─── Data listing

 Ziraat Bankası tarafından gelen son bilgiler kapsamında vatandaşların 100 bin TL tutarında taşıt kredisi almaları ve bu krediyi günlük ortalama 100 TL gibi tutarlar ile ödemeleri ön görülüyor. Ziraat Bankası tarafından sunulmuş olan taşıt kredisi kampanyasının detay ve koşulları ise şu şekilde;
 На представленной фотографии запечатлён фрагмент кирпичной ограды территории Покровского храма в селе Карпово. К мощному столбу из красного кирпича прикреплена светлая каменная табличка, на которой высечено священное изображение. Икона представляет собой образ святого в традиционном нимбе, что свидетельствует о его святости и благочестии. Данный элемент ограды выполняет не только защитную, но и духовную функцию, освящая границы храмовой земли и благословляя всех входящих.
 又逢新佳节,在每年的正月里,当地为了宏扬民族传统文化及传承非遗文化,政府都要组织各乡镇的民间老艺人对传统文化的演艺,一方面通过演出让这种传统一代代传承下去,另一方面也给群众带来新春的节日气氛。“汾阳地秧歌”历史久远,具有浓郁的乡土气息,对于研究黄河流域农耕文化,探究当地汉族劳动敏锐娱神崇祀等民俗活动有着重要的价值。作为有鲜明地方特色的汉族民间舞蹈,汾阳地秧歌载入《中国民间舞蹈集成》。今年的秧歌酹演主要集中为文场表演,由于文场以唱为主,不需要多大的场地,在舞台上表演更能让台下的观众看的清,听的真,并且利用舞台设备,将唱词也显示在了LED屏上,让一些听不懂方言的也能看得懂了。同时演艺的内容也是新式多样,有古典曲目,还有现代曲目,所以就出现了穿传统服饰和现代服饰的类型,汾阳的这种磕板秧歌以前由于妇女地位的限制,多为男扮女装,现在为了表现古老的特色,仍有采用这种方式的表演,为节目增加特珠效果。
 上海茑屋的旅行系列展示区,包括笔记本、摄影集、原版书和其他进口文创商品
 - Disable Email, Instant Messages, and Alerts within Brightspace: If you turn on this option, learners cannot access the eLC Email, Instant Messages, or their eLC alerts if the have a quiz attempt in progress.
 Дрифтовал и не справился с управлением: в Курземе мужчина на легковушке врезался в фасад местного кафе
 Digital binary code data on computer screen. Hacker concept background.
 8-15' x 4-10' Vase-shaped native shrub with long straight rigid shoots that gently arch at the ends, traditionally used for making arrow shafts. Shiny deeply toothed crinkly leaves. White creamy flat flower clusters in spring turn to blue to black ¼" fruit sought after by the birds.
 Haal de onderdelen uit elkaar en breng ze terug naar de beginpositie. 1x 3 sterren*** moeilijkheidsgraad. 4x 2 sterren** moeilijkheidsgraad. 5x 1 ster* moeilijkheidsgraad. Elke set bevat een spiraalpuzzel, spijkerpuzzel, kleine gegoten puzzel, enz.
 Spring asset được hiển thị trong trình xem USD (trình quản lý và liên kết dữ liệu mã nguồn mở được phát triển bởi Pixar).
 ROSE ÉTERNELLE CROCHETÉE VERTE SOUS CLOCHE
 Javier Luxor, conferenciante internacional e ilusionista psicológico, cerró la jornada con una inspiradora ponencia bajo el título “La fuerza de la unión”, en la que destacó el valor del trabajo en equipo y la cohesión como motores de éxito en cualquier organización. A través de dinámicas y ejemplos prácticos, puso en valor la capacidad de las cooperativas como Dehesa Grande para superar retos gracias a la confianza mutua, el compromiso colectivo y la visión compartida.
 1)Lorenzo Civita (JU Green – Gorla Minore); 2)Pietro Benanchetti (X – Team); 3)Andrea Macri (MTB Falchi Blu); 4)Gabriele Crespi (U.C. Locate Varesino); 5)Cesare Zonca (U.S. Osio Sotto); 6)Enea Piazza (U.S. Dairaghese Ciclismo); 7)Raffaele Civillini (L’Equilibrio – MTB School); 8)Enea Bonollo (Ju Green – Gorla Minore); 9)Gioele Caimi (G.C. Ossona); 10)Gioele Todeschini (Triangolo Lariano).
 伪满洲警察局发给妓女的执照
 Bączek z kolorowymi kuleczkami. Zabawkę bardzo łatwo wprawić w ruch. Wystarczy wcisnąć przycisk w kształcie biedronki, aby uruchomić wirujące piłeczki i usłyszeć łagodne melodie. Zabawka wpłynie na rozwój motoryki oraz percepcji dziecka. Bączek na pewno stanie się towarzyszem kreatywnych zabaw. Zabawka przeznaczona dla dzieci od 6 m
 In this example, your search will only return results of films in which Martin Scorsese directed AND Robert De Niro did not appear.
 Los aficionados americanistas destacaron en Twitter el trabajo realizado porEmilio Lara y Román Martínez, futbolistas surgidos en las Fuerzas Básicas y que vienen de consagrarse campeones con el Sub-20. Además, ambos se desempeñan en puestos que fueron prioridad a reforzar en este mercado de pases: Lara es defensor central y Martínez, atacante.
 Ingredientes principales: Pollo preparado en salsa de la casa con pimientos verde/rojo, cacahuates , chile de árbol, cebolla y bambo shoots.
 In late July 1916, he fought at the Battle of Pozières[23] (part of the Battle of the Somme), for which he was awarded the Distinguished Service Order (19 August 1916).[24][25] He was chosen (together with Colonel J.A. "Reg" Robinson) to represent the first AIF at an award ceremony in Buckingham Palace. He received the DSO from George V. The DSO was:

──────

**Directions for this task**
Retype only this portion of the data above: the line containing "1)Lorenzo Civita (JU", the line containing "In this example, your", and all lines between them, exactly.

**Reply**
 1)Lorenzo Civita (JU Green – Gorla Minore); 2)Pietro Benanchetti (X – Team); 3)Andrea Macri (MTB Falchi Blu); 4)Gabriele Crespi (U.C. Locate Varesino); 5)Cesare Zonca (U.S. Osio Sotto); 6)Enea Piazza (U.S. Dairaghese Ciclismo); 7)Raffaele Civillini (L’Equilibrio – MTB School); 8)Enea Bonollo (Ju Green – Gorla Minore); 9)Gioele Caimi (G.C. Ossona); 10)Gioele Todeschini (Triangolo Lariano).
 伪满洲警察局发给妓女的执照
 Bączek z kolorowymi kuleczkami. Zabawkę bardzo łatwo wprawić w ruch. Wystarczy wcisnąć przycisk w kształcie biedronki, aby uruchomić wirujące piłeczki i usłyszeć łagodne melodie. Zabawka wpłynie na rozwój motoryki oraz percepcji dziecka. Bączek na pewno stanie się towarzyszem kreatywnych zabaw. Zabawka przeznaczona dla dzieci od 6 m
 In this example, your search will only return results of films in which Martin Scorsese directed AND Robert De Niro did not appear.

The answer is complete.